Picture: 123RF / SAKHORN SAENGTONGSAMARNSIN
Picture: 123RF / SAKHORN SAENGTONGSAMARNSIN

Moody’s ratings agency has given the government three months to show a saving of R150bn in the Eskom account otherwise we will attain junk status.

The government is unable for political reasons to retrench Eskom workers and sell chunks of Eskom to private interests. This what it could do in the short term.

There are about 160,000 prisoners in SA and reportedly 40,000 of those are incarcerated for drug offences. Most of those people were caught, sometimes years ago, with a sack of dagga. It makes little sense to keep them in jail when these laws are no longer enforced.

It would be a presidential mandate to grant 25,000 drug offenders a pardon. It would reduce the department of correctional services budget proportionately.
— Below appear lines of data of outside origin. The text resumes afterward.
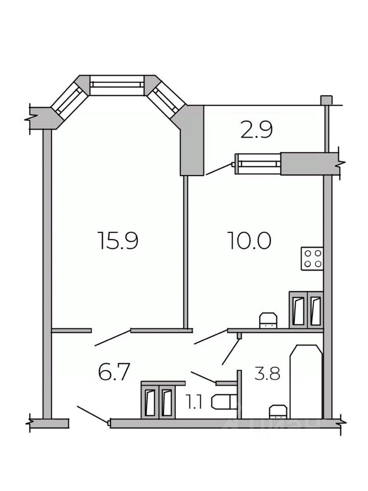Арт. 134242966 Всего в 10-ти минутах пешком от ст.м. Парнас, на ул. Валерия Гаврилина, д. 3, корп. 2, продается уютная 1-комнатная квартира с хорошим ремонтом (не от застройщика).
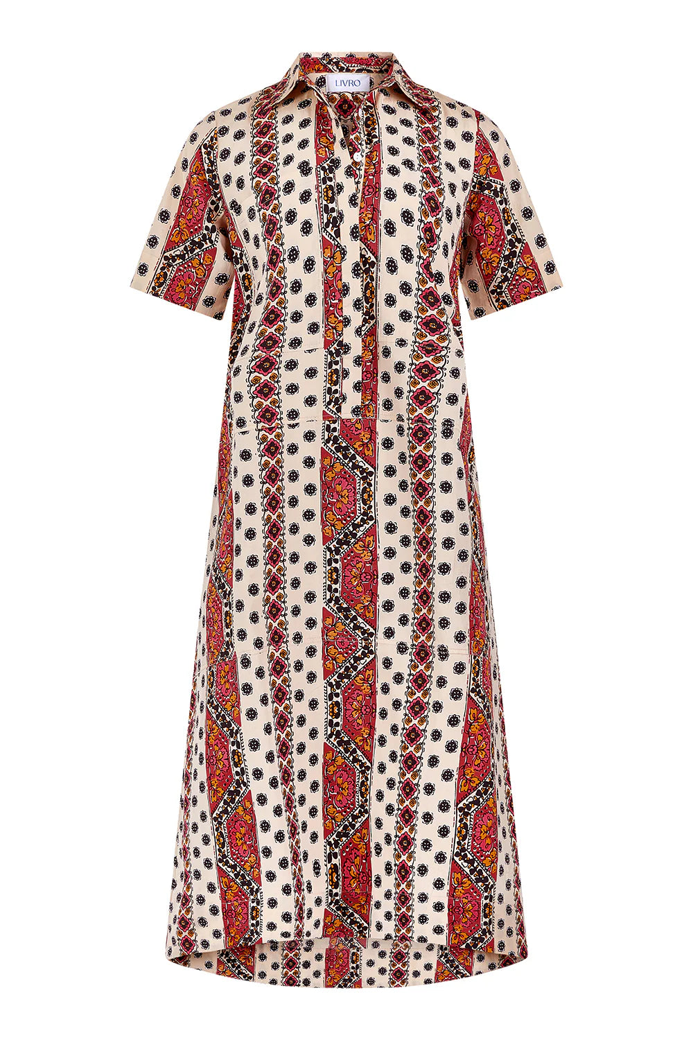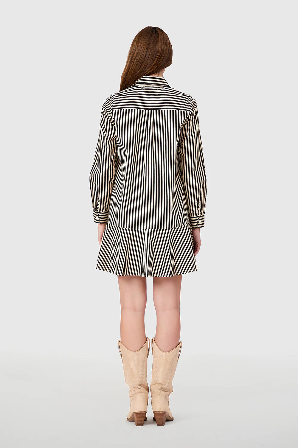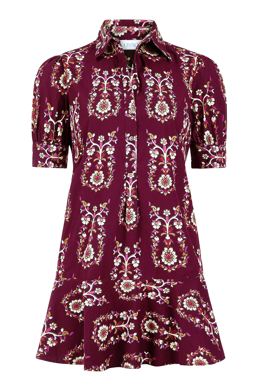 The Liv Dress is a playful mini dress with a tailored bodice and a relaxed drop-waist silhouette. It features short puff sleeves with cuff detailing, a classic shirt collar, and a partial button placket down the front. The skirt is finished with a flounced hem for a feminine, swingy shape.
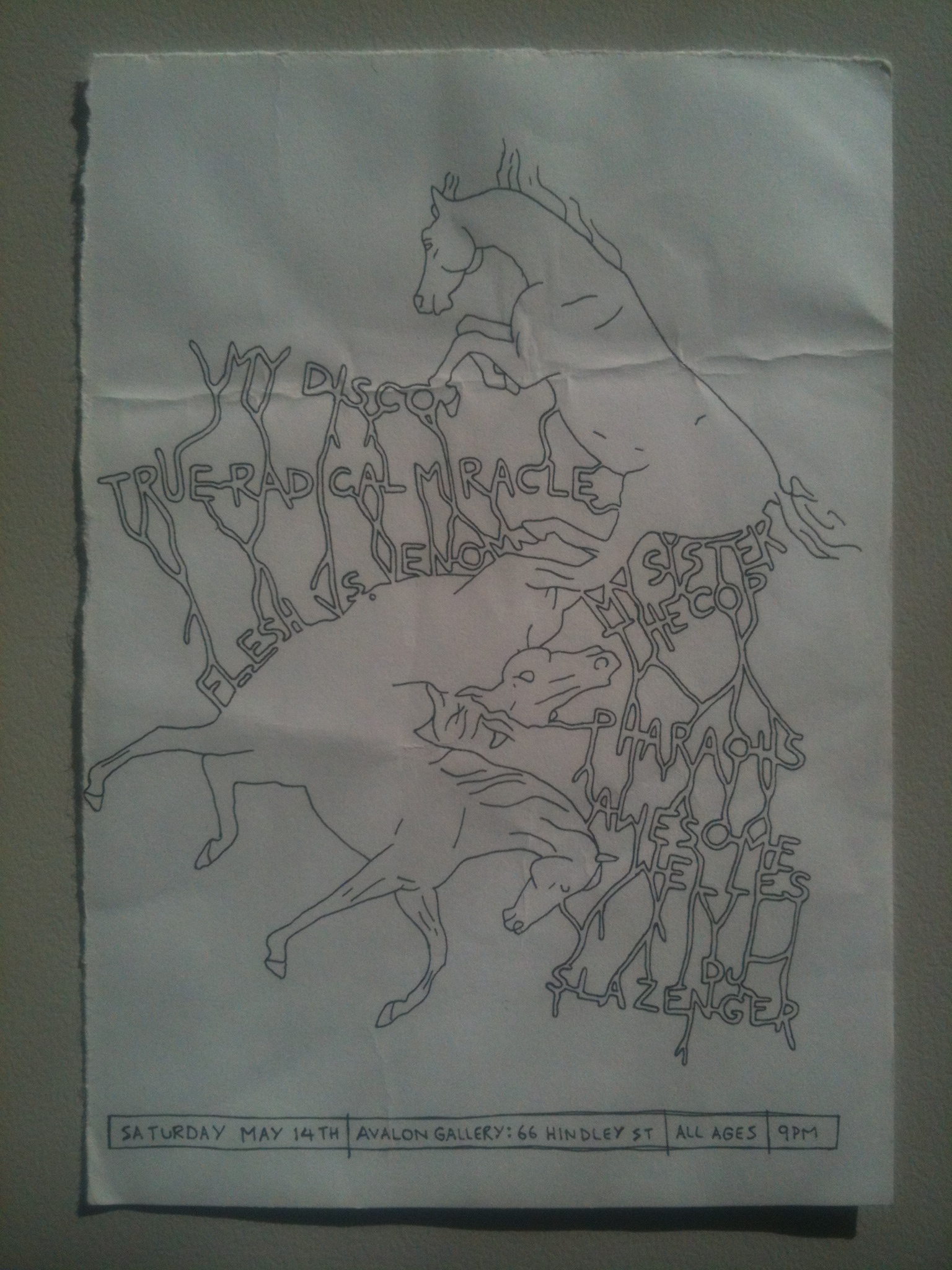 This is an alternative flyer to the gig at Avalon featured in the last post. It was probably designed by the guys from My Sister the Cop, who always had very intricately drawn flyers.
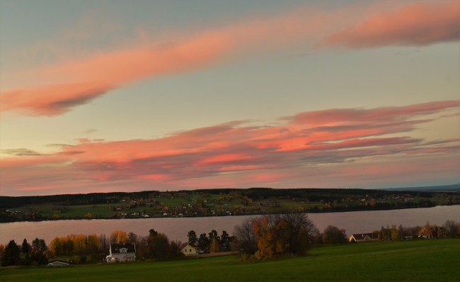 Vilken tur då att det blev ännu en morgon med rosaskimrande moln från soluppgången. Det är märkligt att man, som jag gjorde här, kan gå åt helt motsatt håll och ändå se de här färgerna på himlen.
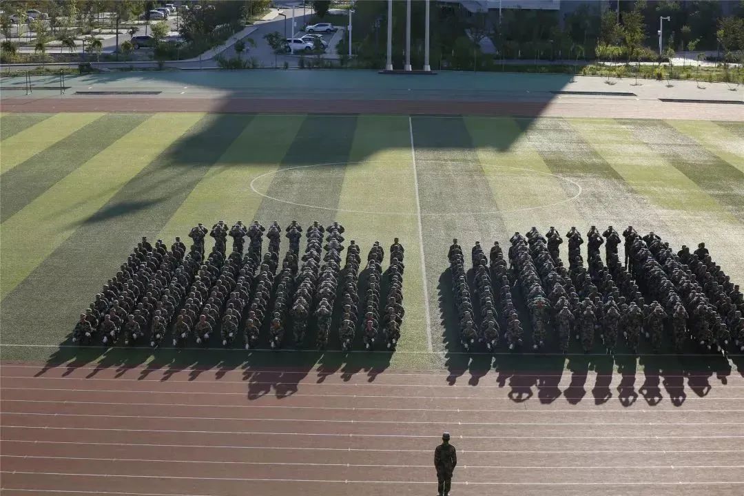 在中国免费一级毛片(北京)克拉玛依校区红旗操场举行的2017级新生军训结训典礼
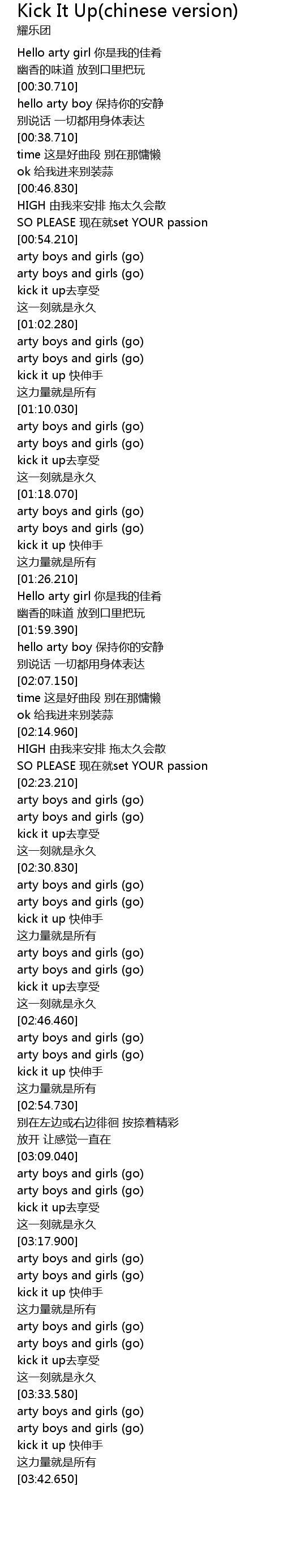 | [03:22.210] | kick it up kuài shēn shǒu |
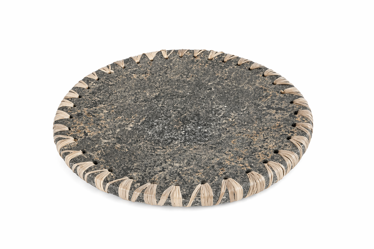 Taca wykonana została z materiału o betonowym wykończeniu, które nadaje jej surowy, a jednocześnie elegancki charakter. Przecierana powierzchnia w naturalnych odcieniach szarości tworzy efekt lekko postarzany, podkreślający dekoracyjny styl produktu. Charakterystycznym elementem jest ozdobne przeszycie na obrzeżu, które nadaje tacy unikalnego, rękodzielniczego wyglądu i wyróżnia ją na tle klasycznych dekoracji.
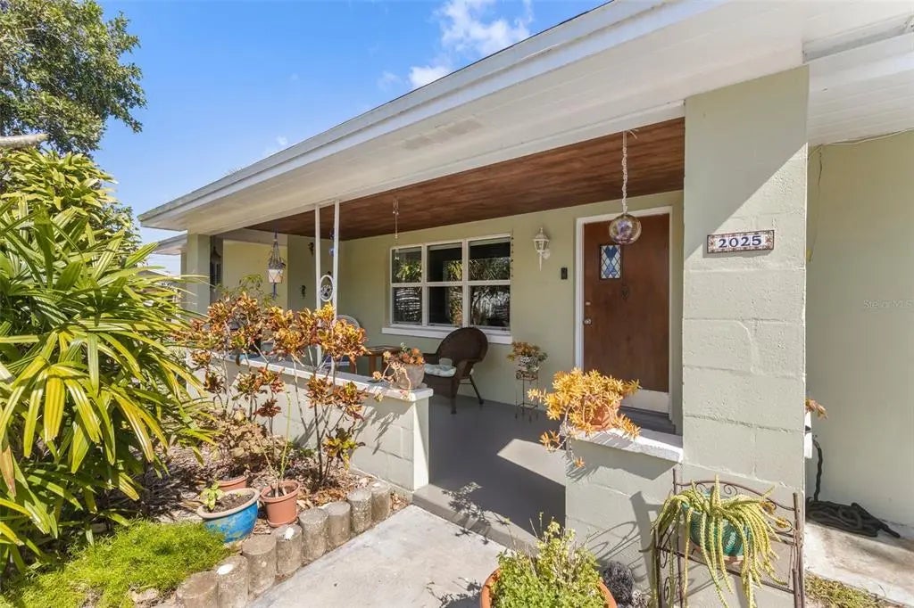 Your hunt is over, we have found you your dream Florida retreat, hidden away on the pretty Plaza Dolores cul-de-sac. This sturdy '50's concrete block home welcomes you in via a shady front porch from where to enjoy the birds and bees in the colorful front yard. The interior of the home enjoyed extensive renovations and upgrades in recent years including windows, floors, kitchen and bath and 2024 roof. Notice the original hardwood flooring upon entry. The spacious living room flows into the fabulous eat in kitchen with stainless appliances, granite counters and ceramic plank flooring. To the rear of the home is a brightly lit windowed porch from where to enjoy the spacious back yard or have a quiet relax. A large rear deck in the fenced yard provides additional entertaining area accessed from the rear porch and garage. With a prime location adjacent to the Pinellas Trail and a few blocks to the vibrant downtown of Dunedin or a short bike ride to downtown Clearwater. With ease of access to beautiful beaches, golf, baseball, art, breweries and restaurants, concerts, parks and marinas the area offers something for everyone. Whether you're seeking an idyllic full-time residence, a seasonal getaway, or a high-demand rental property, this sought-after "Clear-Dun" location presents an excellent opportunity. With no flood insurance required and no damage from recent storms, this home offers peace of mind and an enviable lifestyle. It's a leisurely stroll down to nearby Edgewater Linear Park to watch frolicking dolphin and marvel at the glorious sunsets over the shimmering waters. Please visit soon and make this home your own!
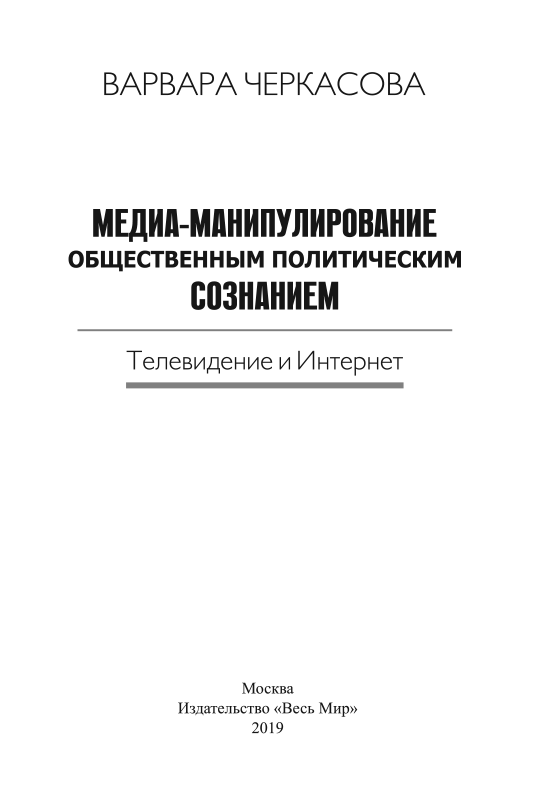 - Книга молодого автора Варвары Черкасовой представляет собой отличный аналитический очерк на тему воздействия ТВ и Интернета на общественное политическое сознание.
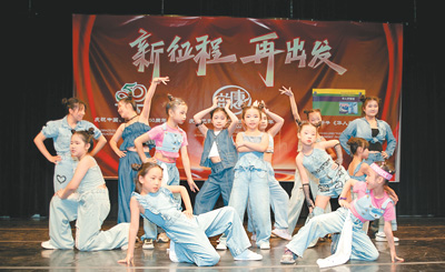 圖為唐韻藝術(shù)團(tuán)成立25周年匯報演出中,少兒爵士舞班在表演節(jié)目。受訪者供圖
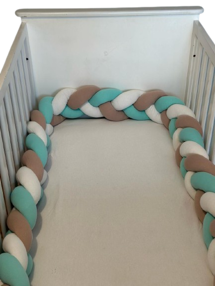 Tour de Lit Tressé – Vert, Beige et Blanc
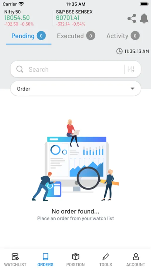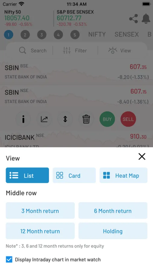 Customise you'r watchlist with a capacity of up to 100 stocks. Sort & save by change, change %, LTP & alphabetically & view the price-performance with a single tap
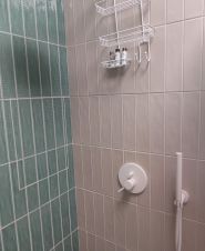 Санузел: душевая кабина, стильная раковина, объемный навесной шкаф для хранения, стильный умывальник, унитаз, змеевик с функцией регулировки и таймера.
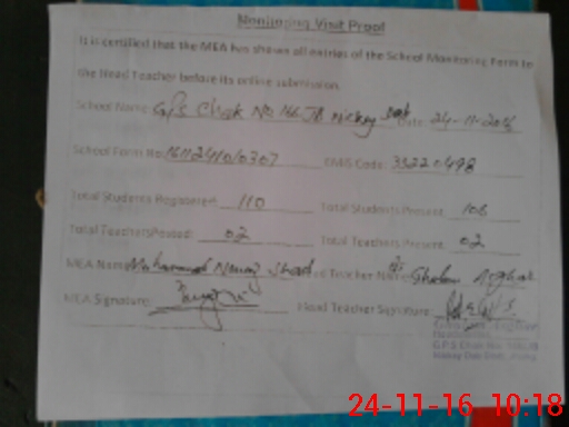 | EMIS Code: 33220498 | Name of School: GPS CHAK NO 166 JB NIKA DAB | |||
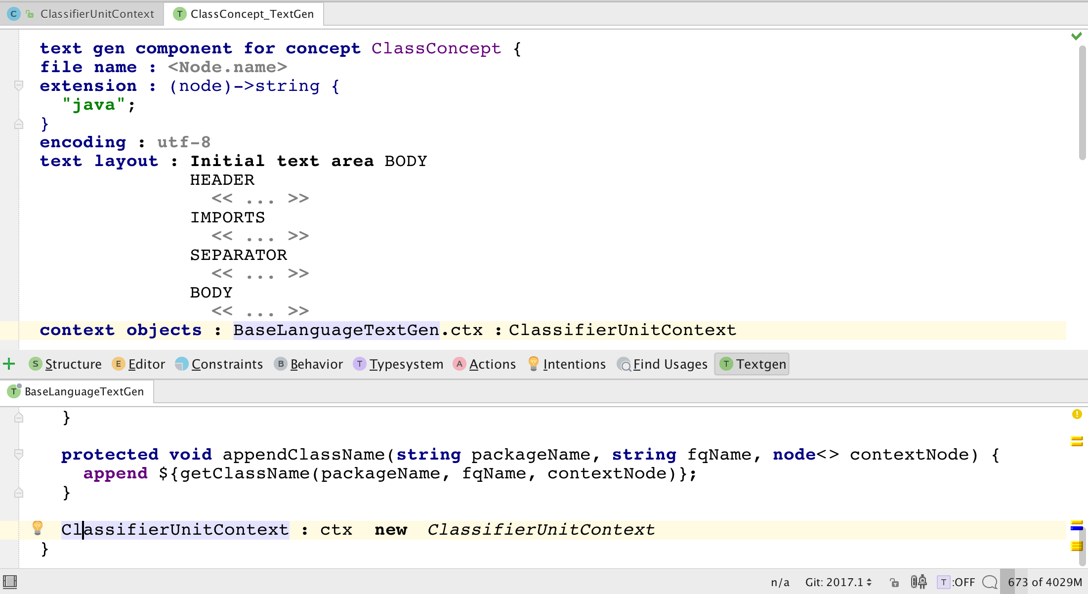 It is vital for certain model-to-text conversion scenarios to preserve some context information during TextGen. In BaseLanguage, for example, TextGen has to track model imports and qualified class names. The cumbersome and low-level approach of previous versions based on direct text buffer manipulation has been replaced with the possibility to define and use customized objects as part of the concept's textgen specification.
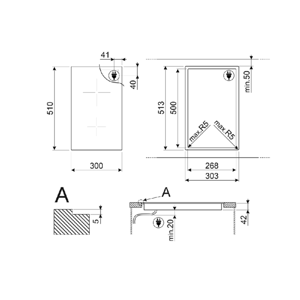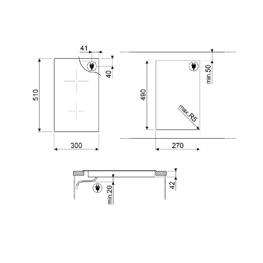 Электрическая домино SMEG/ домино, стеклокерамическая варочная панель, 30 см, прямой край,черная
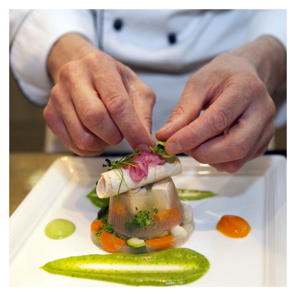 Particolarmente originale, quest’anno, la scelta del ristorante Acanto dell’Hotel Principe di Savoia dove sarà esposta l’opera “Album –ricordi in conserva”, installazione composta da 9 pezzi, singolarmente acquistabili, appositamente creata dagli artisti Monica Scardecchia e Gianfranco Maggio che rivisitano in chiave moderna e originale immagini di repertorio dell’ hotel. Un album, carico di atmosfere d’antan, riproposto dall’executive chef Fabrizio Cadei in un “Aspic di pollo jaune, giardiniera di verdure e salsa verde”, rielaborazione di una ricetta della tradizione proposta negli anni ‘30 agli ospiti illustri del noto albergo milanese.
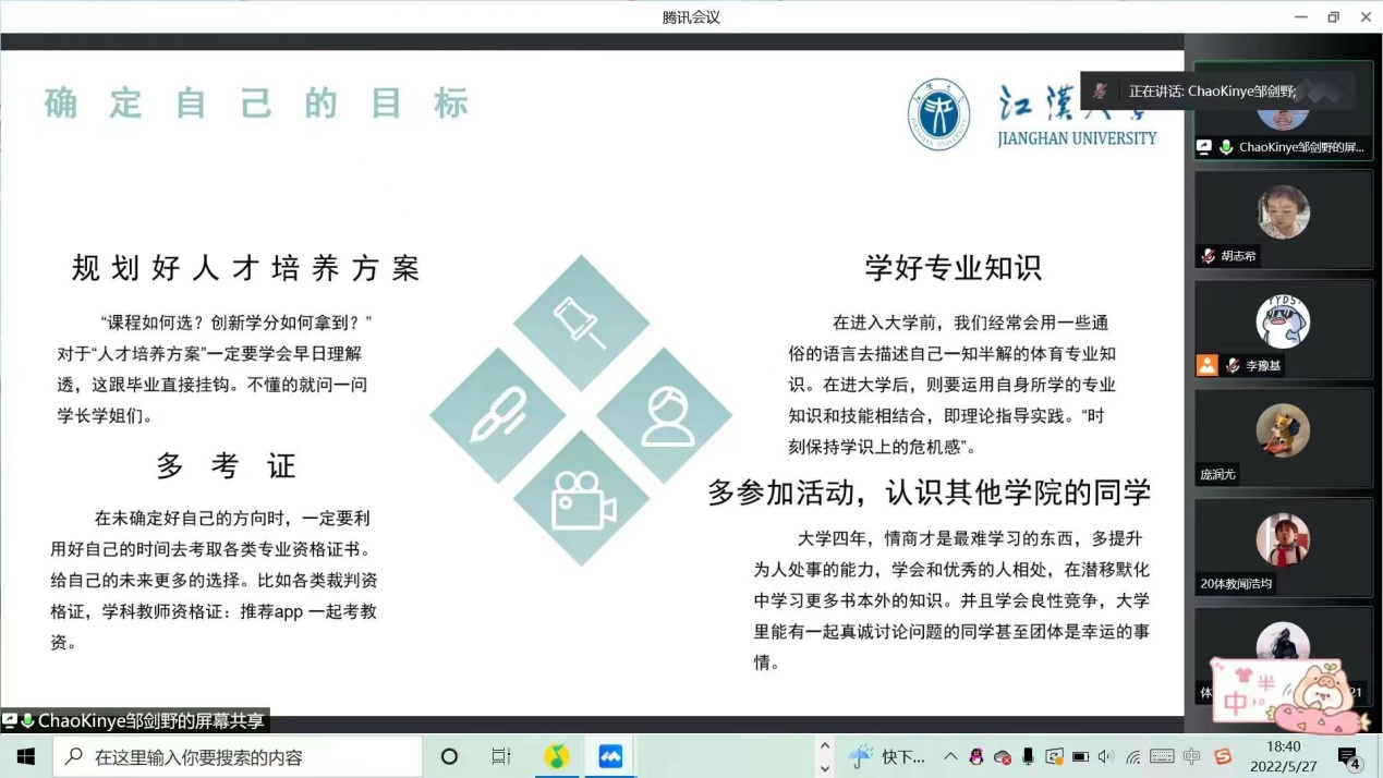 5月27日晚,邹剑野员工给大二员工分享了获得国家奖学金、董事长奖学金的经验以及考取大学工商管理双学位的经验,鼓励大家在大学要确定好自己的目标,根据人才培养方案学好专业知识,多考证、多参加活动锻炼自己。
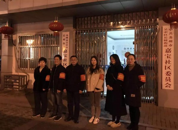 吴中高新区机关工作人员、社区工作人员、社区楼道长、保安等志愿者在辖区巡逻。
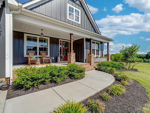 Introducing a stunning custom home, rich with upgrades, hosting 4 beds and 2.5 baths on a serene 12-acre flat lot. An electric gate, accessible by phone or keypad, welcomes you to this architecturally captivating property with a charming rocking chair front porch, surrounded by lush pastures. Step inside to a well-lit, magazine-worthy entry, showcasing the home's true beauty. The open floor plan, complemented by a perfect color palette, leads to a dream kitchen with a grand hand-picked granite island. The split-floorplan offers a tranquil primary suite with a private study, his and her closets, and an elegant en-suite featuring a frameless shower with tub. Outside, discover a spacious pole barn and detached workshop, both wired with electricity. Home is set up for handicap access (3ft doors, bathrooms w/ 36" on center horizontal studs for grab bars). Explore the video walk-thru and flyover to appreciate all this home has to offer. Don't miss out on this remarkable opportunity!

It would also enable the government to close three prisons: Kgosi Mampuru (10,000 prisoners), Pollsmoor (10,000) and Leeuwkop (5,000) and offer the land for private development.

The jewel in the crown would be Kgosi Mampuru — about 25km2 in the centre of Pretoria worth perhaps R200bn. Such a vast area would be privatised for multiple uses: a museum, low-cost housing development, middle-class housing, shopping centres and even luxury accommodation.

Leeuwkop, which adjoins Bryanston, has a river, dams and recreation parks, and is probably the size of Bryanston itself.

Pollsmoor, the size of Tokai, Cape Town, could be marketed to a growing group of international rich who want to live in the Cape, and low-cost housing could be built on it.

The money could be used mostly to plug the gap temporarily in Eskom until the inevitable solution is practicable.

The project would please investors and ratings agencies because it is private, yet involves no job losses and no privatisation of working industries.

Many jobs would be created in building and servicing the new developments. And the released prisoners would vote ANC until kingdom come.

The plan requires just the most minuscule amount of political will — do we have it?